A practical approach to establishing a 2x process for e-beam sterilization of medical devices
Eric Crawley1, Byron J Lambert1, Vu Le1.
1Assurance of Sterility Task Force, Abbott Medical, Temecula, CA, United States
Changing radiation sterilization modalities can be challenging with medical devices that have a narrow dose range. Particularly, a change from Gamma to E-beam can be challenging because the e-beam process may increase dose uniformity ratio (DUR) depending on the loading configuration used. Developing a process that allows for product to be sterilized more than once is not common for radiation due to the material effects on sensitive polymers. To optimize processing, considerations must be made early in the product development and sterilization validation life cycle such as sterilization dose, maximum acceptable dose (MAD), and alternative dose mapping configurations.
In practice, to achieve two times sterilization processing capability, the combined total maximum absorbed dose to product from the 1st and 2nd sterilization process should be below the established MAD of the product. Typically, a 2x process would consider doubling the max dose delivered to the product from the 1x process (e.g a 1x dose range of 25 – 50 would have a max dose of 100 kGy and require an established MAD of 100 kGy). For sensitive polymers, a MAD of 100 kGy may not be possible. The evaluation of alternate product configurations and lower sterilization dose may solve this problem.

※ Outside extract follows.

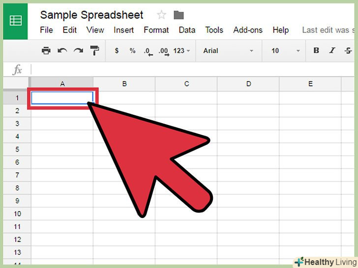 Введіть дані в рядки та / або стовпці.врахуйте, що перші осередки рядків або стовпців можна перейменувати. Для цього виділіть текст початкових осередків жирним, щоб їх можна було відрізнити від числових даних. Стовпці йдуть до літери "Z", а рядків спочатку 1000.[3]- Щоб додати більше рядків, перегорніть в самий низ і натисніть на кнопку»Додати". Після неї знаходиться текстове поле (з текстом "рядки внизу"), в якому можна вказати, скільки рядків ви хочете додати.

A dose ranging study to assess product performance impact of polytetrafluoroethylene (PTFE) across 30 – 90 kGy is reported (see Figure 1) to evaluate if a product can be re-sterilized based on a current validated dose range of 25 – 50 kGy. The outcome showed that the traditional 25 – 50 kGy processing range did not allow for a 2x process, however lowering the sterilization dose to 20 kGy and increasing MAD to 65 kGy allowed for the opportunity for processing a 2nd time with an alternate loading configuration (low DUR).